Data extract
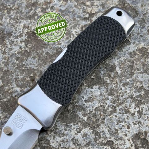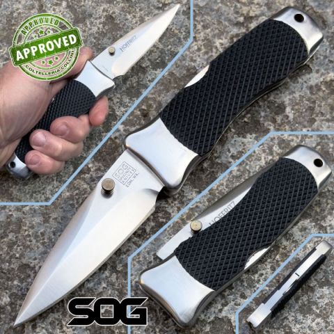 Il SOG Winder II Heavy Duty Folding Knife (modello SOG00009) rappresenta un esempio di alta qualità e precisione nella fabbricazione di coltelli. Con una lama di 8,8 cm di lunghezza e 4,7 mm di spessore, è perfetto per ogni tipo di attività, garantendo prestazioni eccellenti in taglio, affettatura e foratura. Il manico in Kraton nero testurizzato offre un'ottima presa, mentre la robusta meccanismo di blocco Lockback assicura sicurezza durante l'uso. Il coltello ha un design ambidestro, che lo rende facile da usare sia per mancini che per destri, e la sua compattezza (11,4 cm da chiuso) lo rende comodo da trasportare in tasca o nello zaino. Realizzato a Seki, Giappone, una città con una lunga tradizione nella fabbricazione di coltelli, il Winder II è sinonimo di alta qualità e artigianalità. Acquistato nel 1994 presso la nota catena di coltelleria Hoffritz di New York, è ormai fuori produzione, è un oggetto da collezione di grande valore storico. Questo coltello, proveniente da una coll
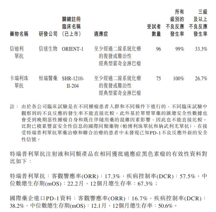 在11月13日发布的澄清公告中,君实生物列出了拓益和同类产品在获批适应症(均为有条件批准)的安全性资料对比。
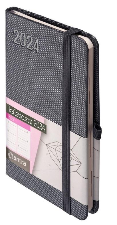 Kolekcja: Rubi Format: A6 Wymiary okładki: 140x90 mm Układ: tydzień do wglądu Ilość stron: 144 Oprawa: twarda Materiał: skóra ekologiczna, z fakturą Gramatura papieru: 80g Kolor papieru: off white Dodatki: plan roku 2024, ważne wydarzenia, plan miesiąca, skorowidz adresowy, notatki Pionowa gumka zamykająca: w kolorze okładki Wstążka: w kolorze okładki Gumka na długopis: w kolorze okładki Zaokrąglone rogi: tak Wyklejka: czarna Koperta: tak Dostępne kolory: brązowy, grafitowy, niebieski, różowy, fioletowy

---

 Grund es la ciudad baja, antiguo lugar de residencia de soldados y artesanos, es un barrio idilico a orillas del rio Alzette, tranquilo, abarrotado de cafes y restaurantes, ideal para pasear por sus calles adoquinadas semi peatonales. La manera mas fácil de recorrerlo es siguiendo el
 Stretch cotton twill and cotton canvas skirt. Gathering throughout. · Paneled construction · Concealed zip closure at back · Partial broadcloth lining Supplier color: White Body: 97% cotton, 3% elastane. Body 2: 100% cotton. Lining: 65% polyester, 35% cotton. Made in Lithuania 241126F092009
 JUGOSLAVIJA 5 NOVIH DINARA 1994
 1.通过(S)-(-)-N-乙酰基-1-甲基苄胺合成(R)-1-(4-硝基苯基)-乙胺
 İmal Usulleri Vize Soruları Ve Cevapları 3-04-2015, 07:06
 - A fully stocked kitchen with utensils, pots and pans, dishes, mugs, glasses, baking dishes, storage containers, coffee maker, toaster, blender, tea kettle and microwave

Exercise
Repeat, word for word, the lines above between the line holding "JUGOSLAVIJA 5 NOVIH DINARA 1994" and the line holding "- A fully stocked", inclusive; omit everything else.

Task output
 JUGOSLAVIJA 5 NOVIH DINARA 1994
 1.通过(S)-(-)-N-乙酰基-1-甲基苄胺合成(R)-1-(4-硝基苯基)-乙胺
 İmal Usulleri Vize Soruları Ve Cevapları 3-04-2015, 07:06
 - A fully stocked kitchen with utensils, pots and pans, dishes, mugs, glasses, baking dishes, storage containers, coffee maker, toaster, blender, tea kettle and microwave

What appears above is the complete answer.